**About this exercise**
Please transcribe exactly the lines from the first line of the records below through the line containing "Jugend eik tallerken", including both, and omit all pictures.

>>>>>

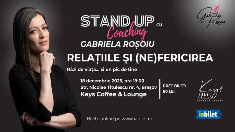 🎤 Stand-up coaching relațiile și (ne)fericirea cu Gabriela Roșoiu: joi, 18 decembrie, ora 19:00, la Keys Coffee & Lounge. Descoperă cum să navighezi cu umor și înțelepciune prin relații și fericire alături de Gabriela Roșoiu. Bilete aici.
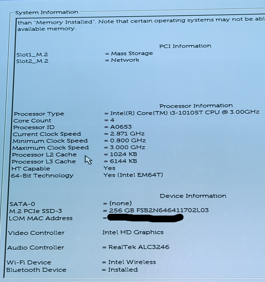 Model name: Intel(R) Core(TM) i3-10105T CPU @ 3.00GHz
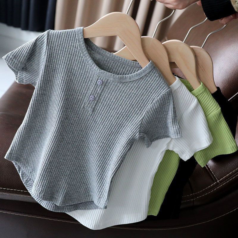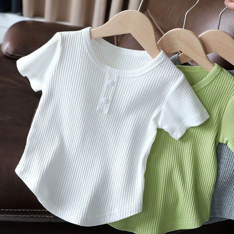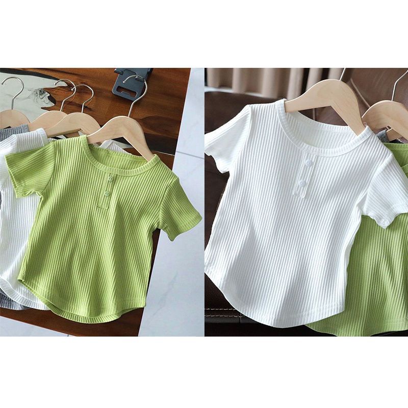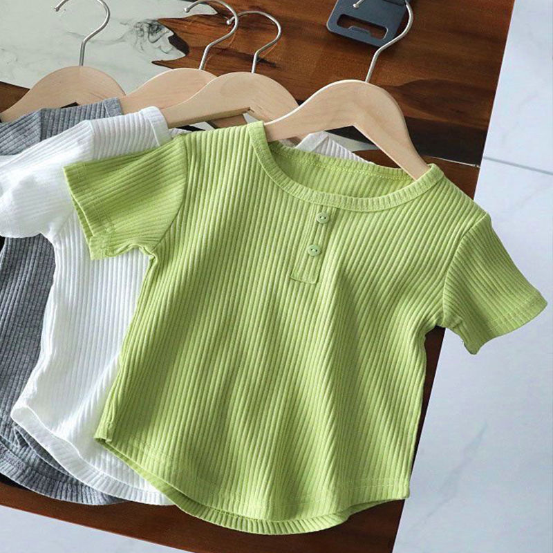 2024 년 새 아동복 아기 소녀 티셔츠 반팔 아동베이스 셔츠 어린이 여름 올 매치 탑 여름스토어 가기
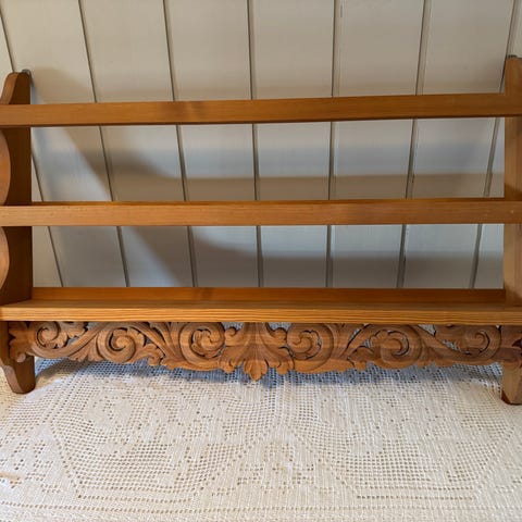 Jugend eik tallerken hylle med 2 hyller utfreste spor på øverste hylle for at tallerkener skal stå. Ligger ute for salg en noe tilsvarende hylle til 4300,- Selges hbo 3500.-
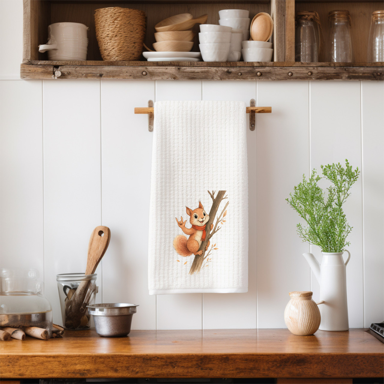 SIGN LANGUAGE ASL "I LOVE YOU" SQUIRREL WITH SCARF TREE ILY HAND KITCHEN TOWEL, 16 X 24 INCHES, MICROFIBER WAFFLE WEAVE TOWEL FAST DRYING ABSORBENT FOR HOME KITCHEN GIFTS, GREAT GIFTS OR YOURSELF...Made in USA, " DeafGifts Exclusive !!
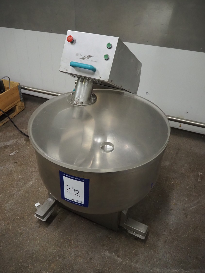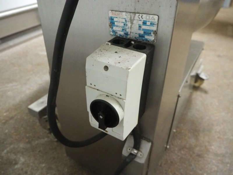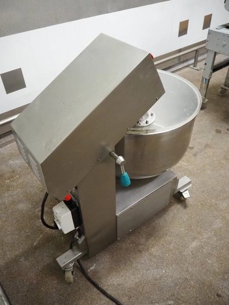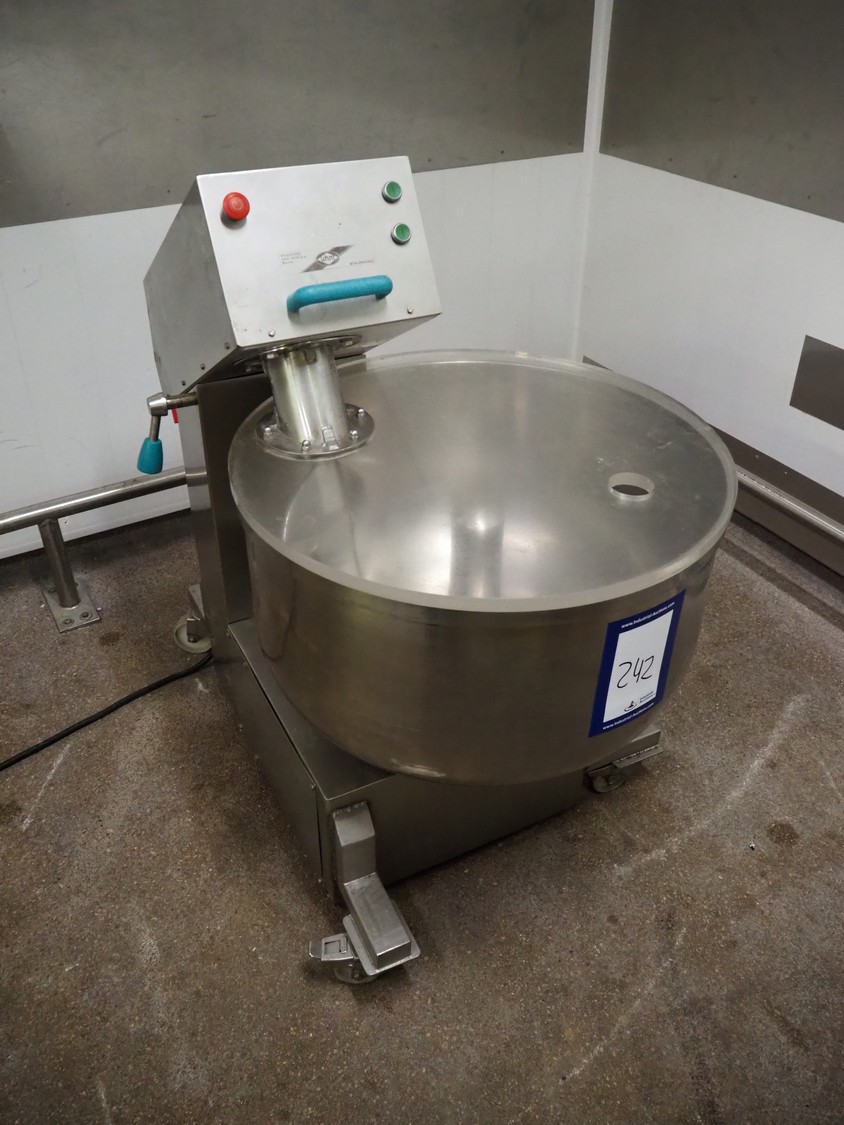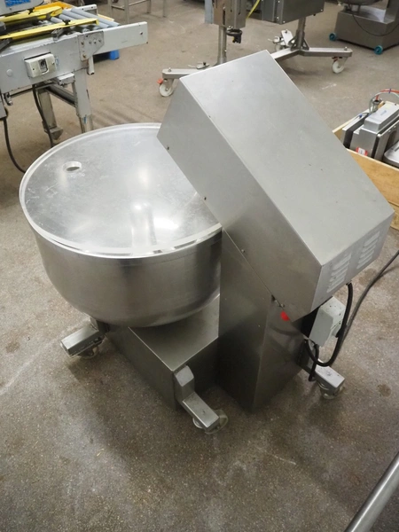 Talsa mobile mixer, model: MIX 150 PT, serial number: 97544, year of construction: 1997, 380 V, 3 Ph, 50 Hz, 14.55 A, 1.65 kW, s/s bowl, volume: 150 liter, total dimensions: 800 mm x 1100 mm x 1200 mm.
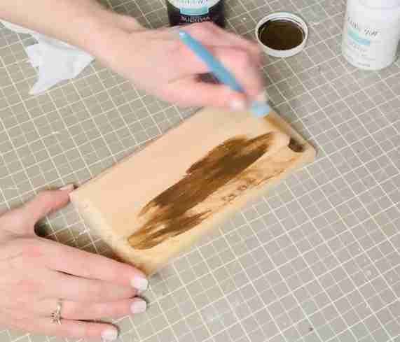 The first thing to do is cover your scrap piece of wood with antiquing wax and wipe it off. I used a baby wipe and it worked nicely. After the wax is dry go ahead and dry brush the white chalk paint on and allow to dry.
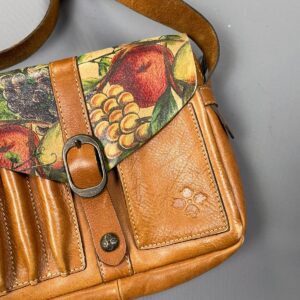 CUTE RETRO FRUIT PRINT LEATHER SHOULDER BAG BRASS HARDWARE
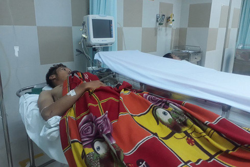 Một công nhân bị thương được cấp cứu tại bệnh viện - Ảnh: XUÂN AN
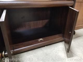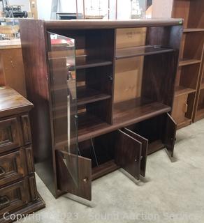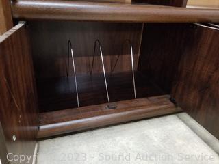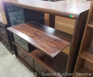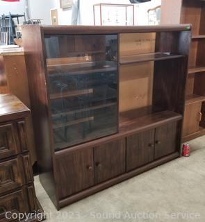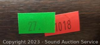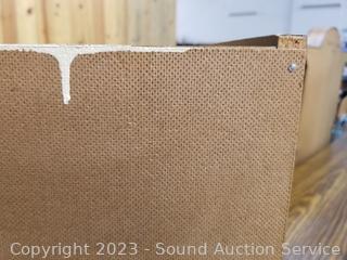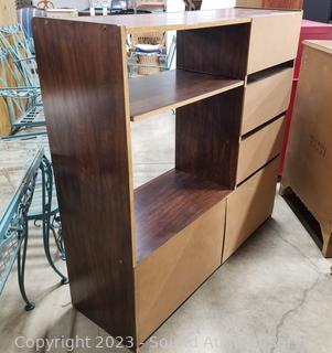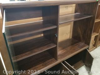 Lot Details: Particle board construction, wood grain finish, a few minor scuffs, don't see any major issues. 48" H x 49" W x 16" D.

<<<<<

**Response below**
 🎤 Stand-up coaching relațiile și (ne)fericirea cu Gabriela Roșoiu: joi, 18 decembrie, ora 19:00, la Keys Coffee & Lounge. Descoperă cum să navighezi cu umor și înțelepciune prin relații și fericire alături de Gabriela Roșoiu. Bilete aici.
 Model name: Intel(R) Core(TM) i3-10105T CPU @ 3.00GHz
 2024 년 새 아동복 아기 소녀 티셔츠 반팔 아동베이스 셔츠 어린이 여름 올 매치 탑 여름스토어 가기
 Jugend eik tallerken hylle med 2 hyller utfreste spor på øverste hylle for at tallerkener skal stå. Ligger ute for salg en noe tilsvarende hylle til 4300,- Selges hbo 3500.-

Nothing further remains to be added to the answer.